I am having a hard time understanding what is going on with my sql to pandas data frame datatypes:

  • User_ID is expected to be an 'object'.. which is fine.
  • DATE is in the format of 201612, 201701, 201702, etc. (year_number+month_number)
  • INCOME is all numerical values such as 57.25, 50, 100.10, etc
  • DEDUCTIONS is also numerical
  • COUNT of STORES would naturally be an integer...

I don't understand why my dataset is coming back with these count and sum fields as object as I cannot use operations such as df.total_deductions.max(). I am failing to understand what could be causing this or how to fix it.

query = """ SELECT  
  date, 
   user_id,  
  sum(income) total_spend, 
 sum(deductions) total_deductions ,
  count(distinct stores) number_stores 
   FROM  db_table GROUP BY user_id """

df = pd.read_sql(query, jdbc_connection)

df.dtypes: 
date:  object 
user_id:  object 
total_spend:   float 
total_deductions:  object 
number_stores: object

I looked at the data. I can't seem anything to indicate that would cause these counts or sums to be an object rather than a numeric value.
I tried using pd.to_numeric( each_of_my_columns, error ='coerce') but this coerce options forces them to be "NaN".

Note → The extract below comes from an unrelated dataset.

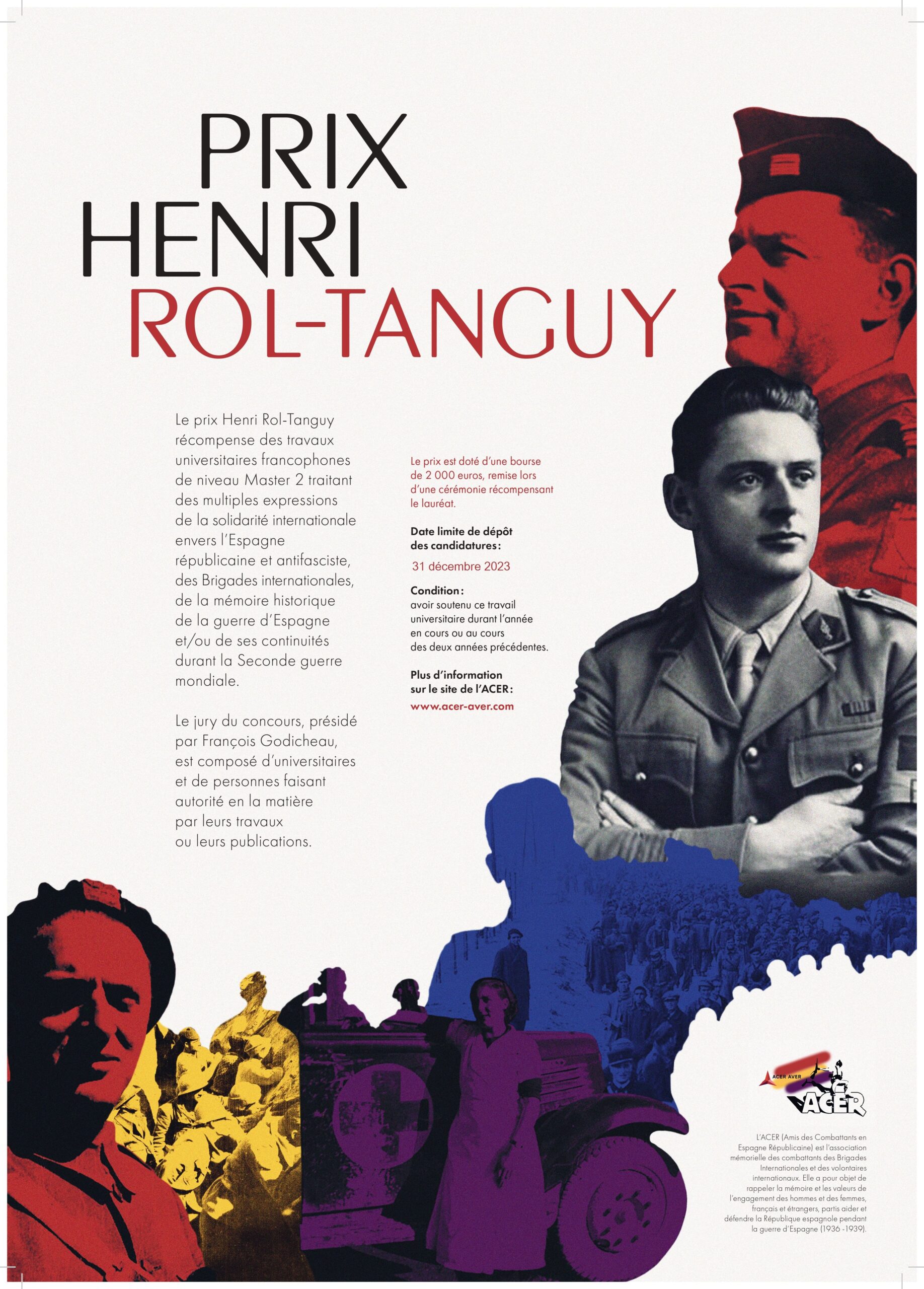 Cette année, le Prix a été décerné à Jean Schaller. Il a soutenu son Mémoire, rédigé sous la direction du Professeur Thomas Bouchet, le 9 juillet 2024 à l’Université de Lausanne (UNIL), dans l’UFR : Institut d’Études politiques (IEP), à la Faculté des Sciences sociales et politiques. « Ce Mémoire est aujourd’hui récompensé par le Prix Henri Rol-Tanguy, à l’unanimité du jury. C’est dire s’il a été apprécié par les membres du jury, tant pour sa forme, que pour sa rigueur et son angle d’attaque nouveau. Vous vous êtes intéressé aux volontaires neuchâtelois lors de la Guerre d’Espagne (1936-1939), à des combattants qui n’ont rêvé d’aucune gloire militaire et qui auraient pu dire, comme l’Émir Abdelkader après la bataille de Sidi Brahim : « Je n’ai point fait les événements, ce sont les événements qui m’ont fait ce que j’ai été ». Je voudrais vous dire, au nom du jury et au nom de l’ACER, combien nous sommes heureux de remettre ce prix à un étudiant francophone, suisse. Cela n’a pas pesé dans notre délibération bien évidemment mais voir ce prix sortir de nos frontières françaises est un grand contentement. C’est le signe que ses racines donnent de belles récoltes. Dans votre travail, vous avez rappelé combien la Guerre d’Espagne est un moment important dans l’histoire humaine, un moment différent, dans son existence comme dans ses conséquences. Ce faisant, vous nous dites aussi que la nuit des hommes n’est pas toujours irrémédiable et définitive, elle ressemble au soleil qui s’enfonce chaque jour dans la mer pour réapparaître à l’aurore. Et vous rendez la lumière à ces volontaires que menacent l’oubli, le reniement, les surenchères ou la haine. Pour cela, et pour tout ce que j’ai rappelé, et peut-être pour ce que j’ai oublié, le jury a décidé que votre mémoire réunissait pleinement les critères scientifiques requis pour le Prix Henri Rol-Tanguy. Bravo à vous, Jean Schaller. Et merci à vous ».
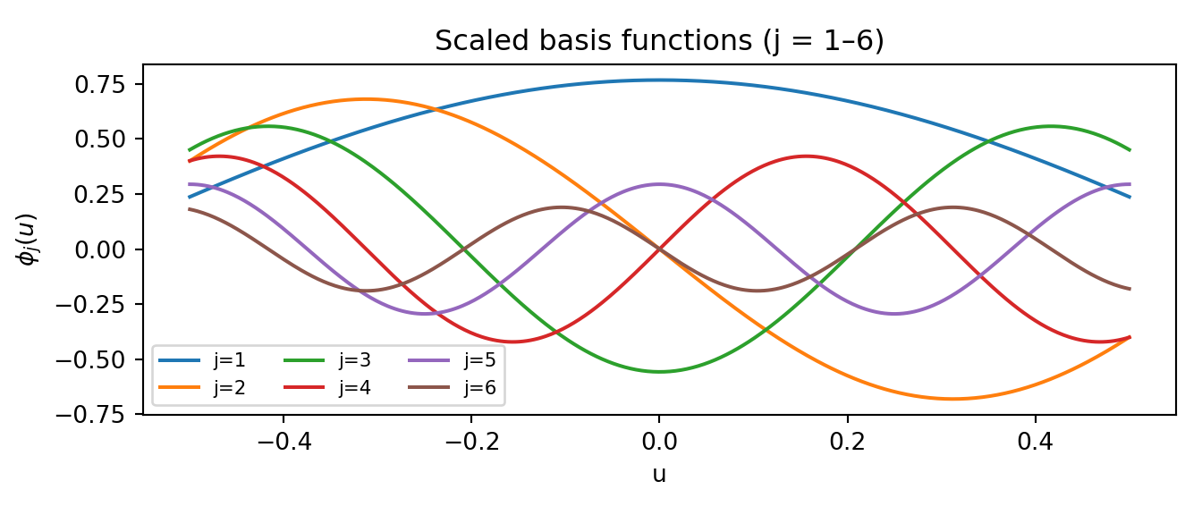 main = "Scaled basis functions (j = 1–6)"

Can someone hypothesize what could be going on here or how to solve this, since I assume I am doing something that should be obvious incorrectly?


Solution

  • There can be problem values have start or end whitespaces, which can be removed by strip:

    df['number_stores']=pd.to_numeric(df['number_stores'].astype(str).str.strip(),error='coerce')
    

    You can check it by convert to list:

    print (df['number_stores'].tolist()[:20])